(BRIEF) Print, please, exactly the lines from the one with "Gapminder (2015); UN" through the final line of the data below, with both ends included and the pictures left out.

(Stored data entries)
----

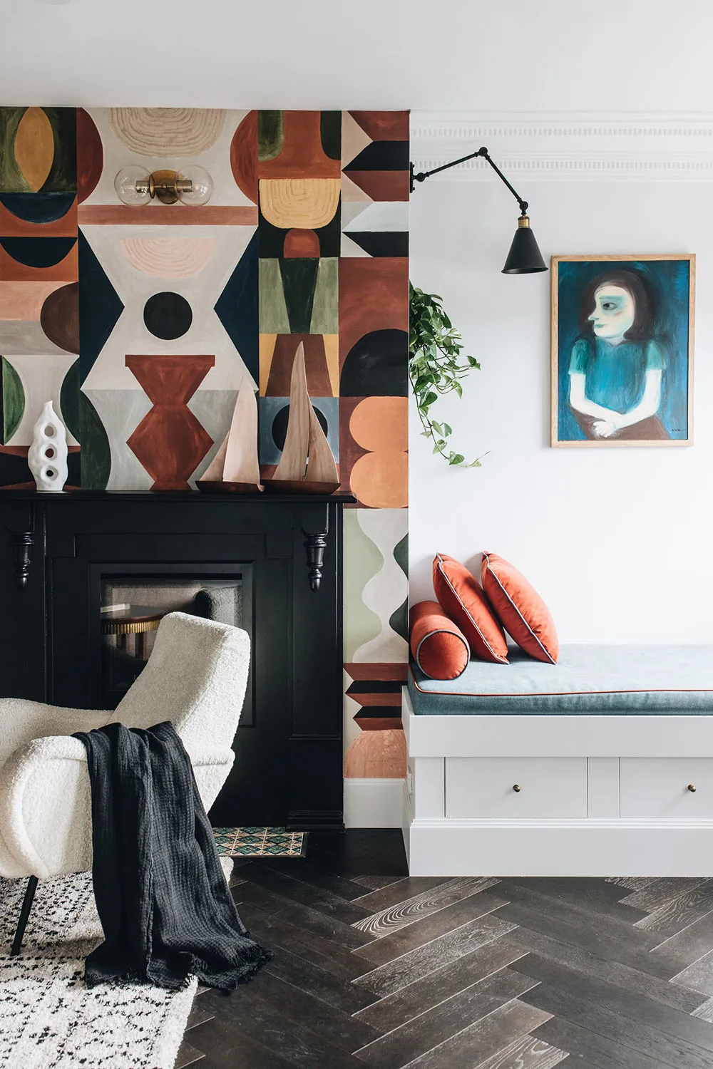 Gamma gamma atmosphérique et décor mural intéressant dans le design d'une maison suédoise
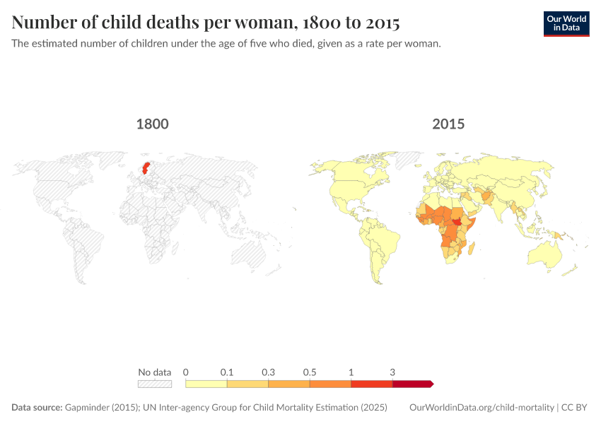 Gapminder (2015); UN Inter-agency Group for Child Mortality Estimation (2025) – processed by Our World in Data. “Child mortality rate – Gapminder; UN IGME – Long-run data” [dataset]. United Nations Inter-agency Group for Child Mortality Estimation, “United Nations Inter-agency Group for Child Mortality Estimation”; Gapminder, “Child mortality rate under age five v7”; Gapminder based on UN IGME & UN WPP, “Under-five Mortality v11”; United Nations, “World Population Prospects”; Gapminder, “Babies per woman (total fertility rate) v12”; Various sources, “Population” [original data]. Retrieved February 24, 2026 from https://categorical-map-color.owid.pages.dev/grapher/children-died-before-five-per-woman
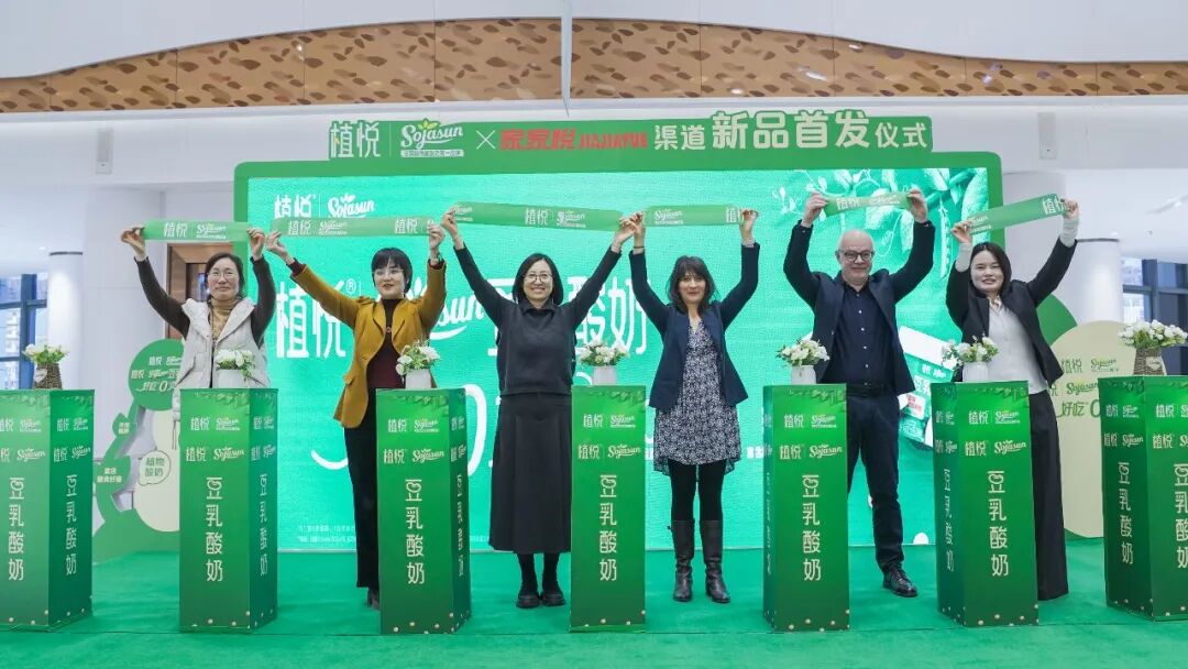 1月17日下午,家家悦集团与植悦品牌、法国知名植物基品牌Sojasun(素芽膳)在荣成九龙城购物广场共同举办“植悦豆乳酸奶新品首发仪式”。这款融合欧洲工艺与本土口味的健康饮品,正式在家家悦全国门店同步上市。
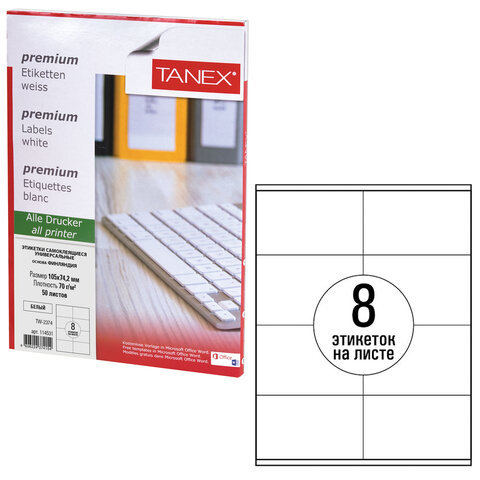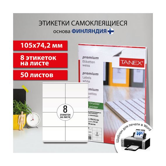 Этикетка самоклеящаяся 105х74,2 мм, 8 этикеток, белая, 70 г/м2, 50 листов, TANEX, сырье Финляндия, 114531, TW-2374
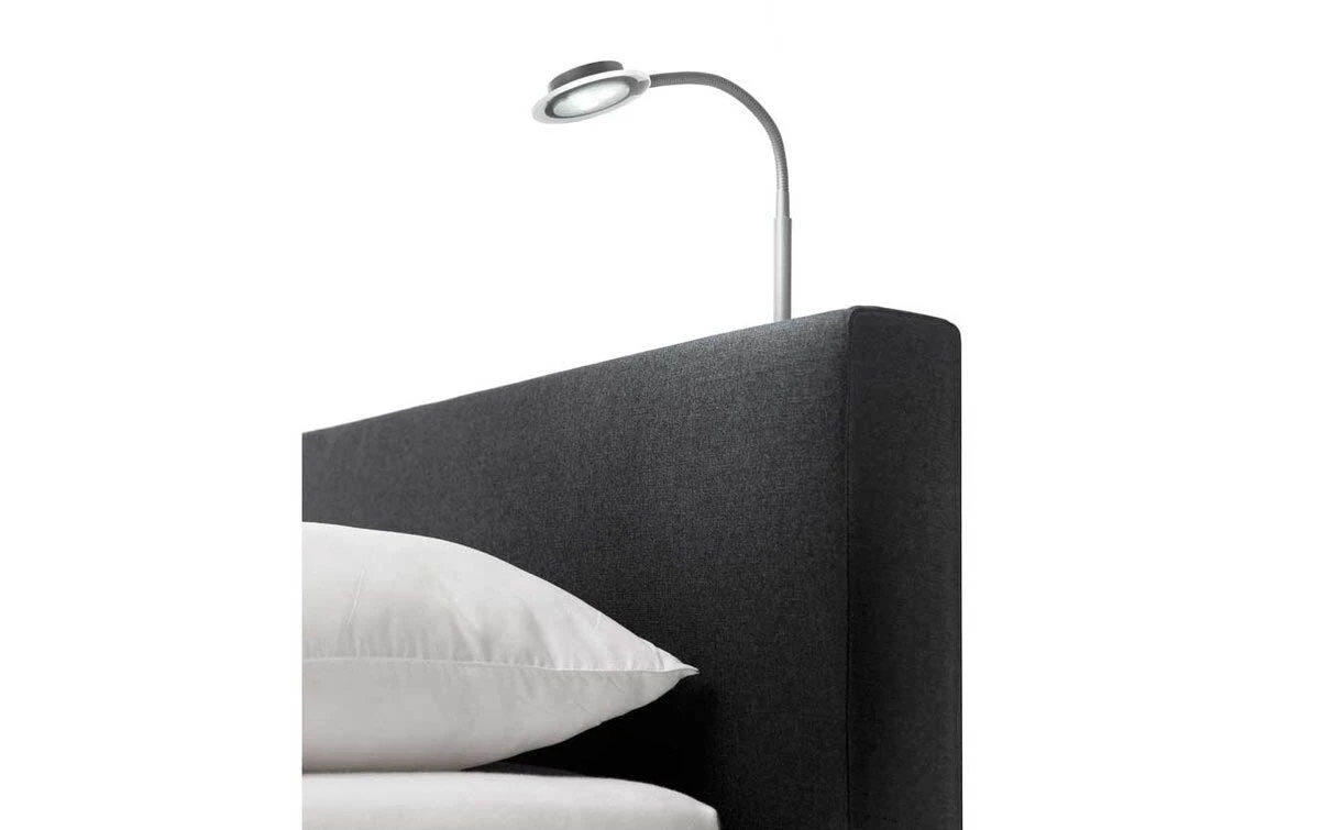 Wollen Sie Ihr Boxspring ganz vollständig machen? Bestellen Sie dieses trendige Bettleuchte ‚Ufo‘. Die Bettleuchten mit hellen LED-Lichtern, ermöglichen Ihnen das Lesen im Bett oder dienen einfach nur als dekorative Beleuchtung. Die Leuchten können an alle bei uns erhältlichen Kopfteile montiert werden, und passen in der Regel auch auf andere Kopfteile. Sie sind leicht zu befestigen. Mit ein paar Schrauben auf der Rückseite oder an der Seite des Kopfteils. An den Leuchten selbst ist ein Ein / Aus-Schalter angebracht, so dass Sie es einfach bedienen können.

----

(ANSWER SPACE)
 Gapminder (2015); UN Inter-agency Group for Child Mortality Estimation (2025) – processed by Our World in Data. “Child mortality rate – Gapminder; UN IGME – Long-run data” [dataset]. United Nations Inter-agency Group for Child Mortality Estimation, “United Nations Inter-agency Group for Child Mortality Estimation”; Gapminder, “Child mortality rate under age five v7”; Gapminder based on UN IGME & UN WPP, “Under-five Mortality v11”; United Nations, “World Population Prospects”; Gapminder, “Babies per woman (total fertility rate) v12”; Various sources, “Population” [original data]. Retrieved February 24, 2026 from https://categorical-map-color.owid.pages.dev/grapher/children-died-before-five-per-woman
 1月17日下午,家家悦集团与植悦品牌、法国知名植物基品牌Sojasun(素芽膳)在荣成九龙城购物广场共同举办“植悦豆乳酸奶新品首发仪式”。这款融合欧洲工艺与本土口味的健康饮品,正式在家家悦全国门店同步上市。
 Этикетка самоклеящаяся 105х74,2 мм, 8 этикеток, белая, 70 г/м2, 50 листов, TANEX, сырье Финляндия, 114531, TW-2374
 Wollen Sie Ihr Boxspring ganz vollständig machen? Bestellen Sie dieses trendige Bettleuchte ‚Ufo‘. Die Bettleuchten mit hellen LED-Lichtern, ermöglichen Ihnen das Lesen im Bett oder dienen einfach nur als dekorative Beleuchtung. Die Leuchten können an alle bei uns erhältlichen Kopfteile montiert werden, und passen in der Regel auch auf andere Kopfteile. Sie sind leicht zu befestigen. Mit ein paar Schrauben auf der Rückseite oder an der Seite des Kopfteils. An den Leuchten selbst ist ein Ein / Aus-Schalter angebracht, so dass Sie es einfach bedienen können.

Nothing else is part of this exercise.